22:04yoklovthe benefit of scheme is that the language is incredibly simple
22:04dsantiagoqbg: seijure
22:05mkpretty amusing but potentially insensitive
22:05qbgyoklov: The one thing I found lacking about my intro csci class is that after it we went to Java
22:06qbgGiven such a setup, Clojure might be useful for the dividends paid in later classes
22:07yoklovright, but then you're sacrificing teaching computer science for teaching a specific platform.

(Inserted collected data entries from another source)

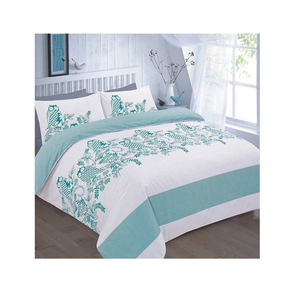 Excellent Hotel Quality King Owl Print Teal Design Duvet Cover Set Bedding Set with pillowcases - King Size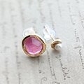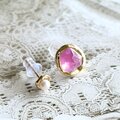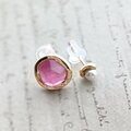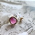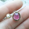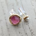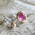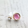 濃いピンクの薔薇が開花しいたように美しくきらめく、ルビー(またはルベライト)のフリーフォーム多面ミックスカットと、淡水パールを組み合わせたアシンメトリーピアス。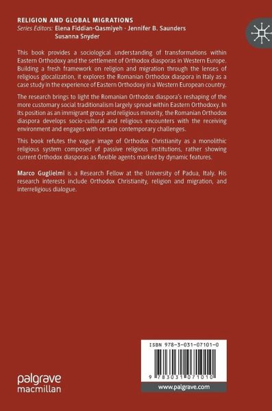 Marco Guglielmi s Romanian Orthodox Diaspora in Italy provides a sociological survey of Eastern Orthodoxy in Western Europe, offering a valuable contribution to understanding the Romanian Orthodox community in Italy. ... The thorough and meticulous nature of the research also provides an insightful and timely evaluation of the Romanian Orthodox Church, which is essential as the Church continues to transform and adapt to new pastoral challenges. (Cristian Sonea, Journal of Orthodox Christian Studies, Vol. 7 (1-2), 2024)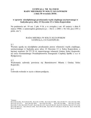 UCHWAŁA NR XL/318/10 RADY MIEJSKIEJ W SOLCU KUJAWSKIM z dnia 30 września 2010r. w sprawie nieodpłatnego przekazania węzła cieplnego usytuowanego w budynku przy ulicy 23 Stycznia 13 w Solcu Kujawskim Na podstawie art. 18 ust. 2 pkt. 9 lit. a w związku z art. 45 ustawy z dnia 8 marca 1990r. o samorządzie gminnym (j.t. – Dz.U. z 2001 r. Nr 142, poz.1591 z późn. zm.1) RADA MIEJSKA W SOLCU KUJAWSKIM UCHWALA, CO NASTEPUJE: §1 Wyraża zgodę na nieodpłatne przekazanie prawa własności węzła cieplnego, usytuowanego w budynku przy ulicy 23 Stycznia 13 w Solcu Kujawskim, o łącznej wartości 24 727,78 zł, stanowiącego własność Gminy Solec Kujawski, na rzecz Komunalnego Przedsiębiorstwa Energetyki Cieplnej Spółki z o.o w Bydgoszczy. §2 Wykonanie uchwały powierza się Burmistrzowi Miasta i Gminy Solec Kujawski. §4 Uchwała wchodzi w życie z dniem podjęcia. 1 Zmiana: Dz.U.02.23.220, Dz.U.02.62.558, Dz.U.02.113.984, Dz.U.02.214.1806, Dz.U.03.80.717, Dz.U.03.162.1568, Dz.U.02.153.1271, Dz.U.04.102.1055, Dz.U.04.116.1203, Dz.U.02.214.1806, Dz.U.05.172.1441, Dz.U.06.17.128, Dz.U.05.175.1457, Dz.U.06.181.1337, Dz.U.07.48.327, Dz.U.07.138.974, Dz.U.07.173.1218, Dz.U.08.180.1111, Dz.U.08.223.1458, Dz.U.09.52.420, Dz.U.09.157.1241,Dz.U.10.28.142, Dz.U.10.28.146, Dz.U.10.106.675. UZASADNIENIE DO UCHWAŁY NR XL/318/10 RADY MIEJSKIEJ W SOLCU KUJAWSKIM z dnia 30 września 2010r. Węzeł cieplny w budynku przy ul. 23 Stycznia 13 w Solcu Kujawskim został sfinansowany z budżetu Gminy Solec Kujawski. Pomieszczenie, w którym zlokalizowany jest węzeł mieści się w budynku Zespołu Szkół Ogólnokształcących i Zawodowych w Solcu Kujawskim. Z ww. węzła dostarczane jest ciepło do budynków Wspólnot Mieszkaniowych przy ul. 23 Stycznia: 15,17, 22, 28 i 30 w Solcu Kujawskim. Wartość węzła wynosi 24.727,78 zł. Utrzymanie węzła wiąże się z kosztami, tj. koszty dzierżawy pomieszczenia, koszty energii elektrycznej i konserwacji. Szacuje się roczny koszt utrzymania węzła na 8.000,- zł. Przekazanie odpłatne węzła na rzecz Komunalnego Przedsiębiorstwa Energetyki Cieplnej Spółka z o.o w Bydgoszczy, wymaga opracowania inwentaryzacji, co wiąże się z dodatkowymi kosztami. KPEC wyraził zgodę na nieodpłatne przejęcie węzła i zobowiązał się do pokrycia kosztów inwentaryzacji. Gmina mogłaby zlikwidować węzeł, ale to pozbawiłaby mieszkańców ww. wspólnot mieszkaniowych dostępu do energii cieplnej. Biorąc pod uwagę powyższe, zasadne jest nieodpłatne przekazanie węzła na rzecz KPEC-u , a tym samym podjęcie przedmiotowej uchwały.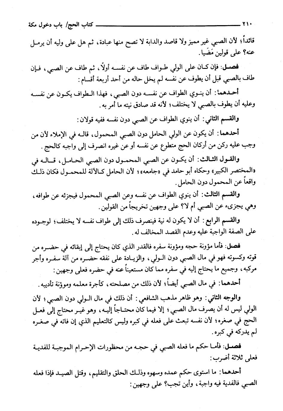: فَإِنْ كَانَ عَلَى الْوَلِيِّ طَوَافٌ طَافَ عَنْ نَفْسِهِ أَوَّلًا، ثُمَّ طَافَ عَنِ الصَّبِيِّ، فَإِنْ طَافَ بِالصَّبِيِّ قَبْلَ أَنْ يَطُوفَ عَنْ نَفْسِهِ لَمْ يَخْلُ حَالُهُ مِنْ أَحَدِ أربعة أقسام:

22:08qbgThe languages are a means to an end anyways
22:08qbgClojure is still fairly simple, but it is more industrial, which has disadvantages
22:09yoklovclojure's much more complex than scheme in both syntax and semantics.

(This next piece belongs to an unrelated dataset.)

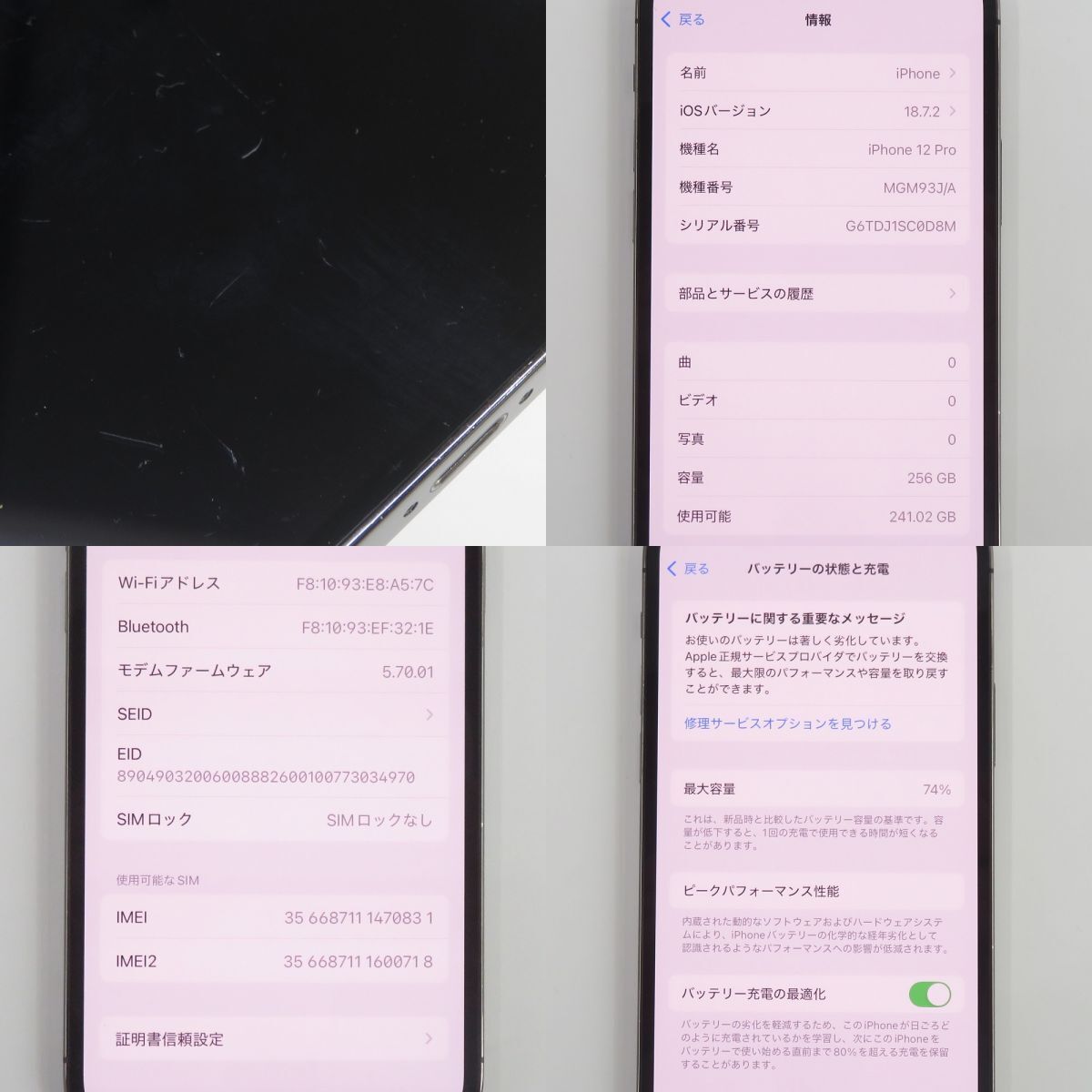 111 SIMフリー iPhone 12 Pro 256GB MGM93J/A グラファイト バッテリー最大容量74% ※中古/現状品/利用○ □付属品:本体のみ ※画像にあるもので全てです。 □型番:MGM93J/A □IMEI:356687111470831 □キャリア:SIMフリー(元Softbank) □シリアル番号:G6TDJ1SC0D8M □保証状況:保証期限切れ(2024年8月4日に期限切れ) □ファームウェア:5.70.01 □バージョン:18.7.2 □カラー:グラファイト □利用制限確認結果:○(2025.11.16時点) ※元のキャリアで利用判定が『○』と出ますが、SIMロック解除済みです。 □現状品内容 ・バッテリーの最大容量は74%です。 ※上記の理由により現状品として出品しております。 ※その他、把握できていない内容がある場合があります。 ※あくまで現状品として出品をしているため、記載にない不良個所があったり、 お客様に商品が届いた際に動作不良になりましても返金などでの対応は出来かねます。 ご理解・ご納得いただける方のみご購入ください。 □動作確認内容 初期化済み。 起動から初期化までの簡易的な動作確認済み。 □状態 ・外装にはキズや、ヨゴレ、若干の塗装ハゲ等の使用感があります。 ・液晶には全体的にキズがあります。 □水没反応:なし □備考:なし ※こちらの商品はSIMフリー端末ですが、全ての周波数帯に対応している訳ではございません。 事前にご確認の上ご購入ください。 [格安SIMでのご使用を考えているお客様へ] 当店は携帯電話本体のリサイクルショップですので、格安SIMのご使用方法については分かりかねます。 格安SIMの使用可否や設定方法などは、SIMカード提供元へお問い合わせ頂きます様、お願い致します。 また、格安SIMの読み込みエラーや、格安SIMご使用時の動作不良による返品は受け付けておりません。 予めご納得いただいた上、ご購入ください。 ※あくまで現状品として出品をしているため、記載にない不良個所や動作不良があったとしても返金などでの対応は出来かねます。 ですが、商品到着後にもしロックなどがかかりましたら必ず1週間以内にお知らせください。 その際はご返品・ご返金にて対応をさせていただきます。 ※商品の性質上、各種機能・ネットワークについてなどの詳細な確認はできておりません。 ※保証のない中古品であることをご理解いただける方のみご購入ください。 ※如何なる場合においても修理、代替え品への交換、用意には対応できません。 ※ご返金は商品を確認させていただいてからの対応となりますのでご了承ください。 ※この携帯端末を不正利用する為にご購入をお考えの方は、ご購入をお控えください。 ※ご購入後、端末の不正利用が発覚し情報の提供を要求された場合は、躊躇なく第3者への情報提供を提示いたします。 ※画像では判別しづらいUSED品特有の薄い汚れや薄いキズ、細かいキズなどある場合があります。 |

22:09ztellmanwow, just came across the discussion of my libraries from a week ago
22:09ztellmanthose are some heated words
22:09yoklovwhich is why it's useful.
22:09yoklovand scheme isn't
22:10qbgIIRC, HtDP uses () and []
22:10yoklovSICP > HTDP, besides iirc they're totally interchangable
22:10yoklovthey are in racket, at least.
22:10ibdknoxztellman: ?
22:11qbgYeah, SICP is awesome
22:11qbgStill, if you use HTPD (like my school has for the past few years), you have to explain that syntax anyways
22:11ztellmanibdknox: http://clojure-log.n01se.net/date/2012-02-24.html#18:12b
22:11qbgloop/recur could actually be an advantage over Scheme when it comes to tail recursion
22:12ztellmannot that the code doesn't warrant it
22:12qbgI remember that potemkin discussion!

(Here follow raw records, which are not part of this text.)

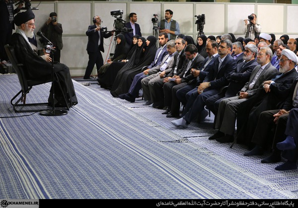 حضرت آیت الله خامنهای در همین زمینه به قضیه مذاکرات هستهای اشاره و خاطرنشان کردند: امریکاییها اعم از دولت، کنگره و کاندیداهای ریاست جمهوری آینده، مدام زیادهخواهی و تهدید میکنند و مواضع و تهدیدهای آنها در مقطع فعلی همچون دوره قبل از توافق است و نباید در مقابل این گستاخی ها ساکت ماند.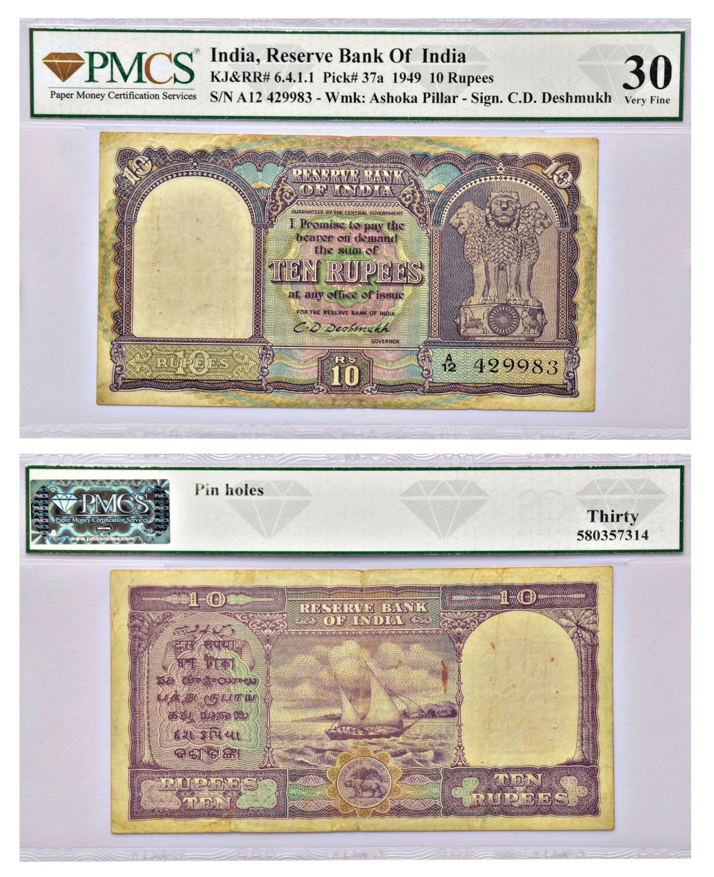 10 rupees, Boat series, ND (1949), signed by C.D. Deshmukh, value in English in center, serial no.: A12 429983, J&R 6.4.1.1.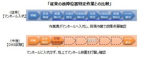 東日本電信電話株式会社(本社:東京新宿区)は、NTTアクセスサービスシステム研究所と連携し、光センシング技術「DAS」※1を用いた通信設備保守を世界で初めて実用化しました※2。 2022年5月23日より東京エリアから順次運用を開始し、全国へ展開します。DASは、光ファイバ心線の超微振動を検知できる技術です。本技術を通信設備保守業務に活用することで、マンホールへ入坑することなく故障位置が特定できるようになるため、業務の効率化が実現できます。本効率化を通して、移動等に伴うエネルギー消費削減も見込めることから、SDGsの達成にも貢献します。NTTグループが目指すIOWN時代においては本運用 を通じ得られたノウハウを生かし、日本中に敷設されている光ファイバケーブルネットワークをセンサとして活用した環境モニタリングを実現することで、多様な産業分野への環境情報の活用と様々な地域社会の課題解決に貢献することを目指します。※1 Distributed Acoustic Sensor:分布音波センシング装置※2 当社調べ

22:12yoklovah, we use SICP. Still, how complex is "these are totally interchangable and theres no difference", versus [] is a vector and () is a list and in clojure the arglist has to be a vector as does the bindings of a let form... etc
22:12ztellmanbut honestly, don't judge until you try to create a map with slightly altered behavior
22:12ibdknoxztellman: ah, my argument was that it shouldn't matter
22:12ztellmanuntil you walk a mile in my lazy-map shoes...
22:13ztellmanibdknox: yeah, it's mostly just funny
22:13ztellmanI got a google alert on the madman comment
22:13qbgWhat I really don't like about HtDP is the lack of let from what I've seen
22:13yoklovand i disagree about your statement re: loop/recur.
22:13qbgHow do you not cover let?
22:13yoklovHtDP doesn't cover let?
22:14ztellmanibdknox: also, the performance issues are going to become a thing of the past soon :)
22:14qbgFrom what I've seen of the problems from that case, they use nested defines instead
22:14qbg(I haven't actually taken a look at HtDP)
22:15yoklovI've never used HtDP or read it, I don't know.
22:15ibdknoxztellman: that's awesome :D
22:16ibdknoxztellman: noir works very cleanly with aleph and I've been directing folks looking to do websockets to it
22:16technomancylet is just syntactic sugar for lambda
22:16yoklovSICP covers it http://mitpress.mit.edu/sicp/full-text/book/book-Z-H-12.html#%_sec_1.3.2
22:16qbgWhen I took the course we used "Scheme And The Art of Programming"
22:17yokloveven explaining its expansion in terms of lambda (which is crucial for understanding parts of chapter 4 later)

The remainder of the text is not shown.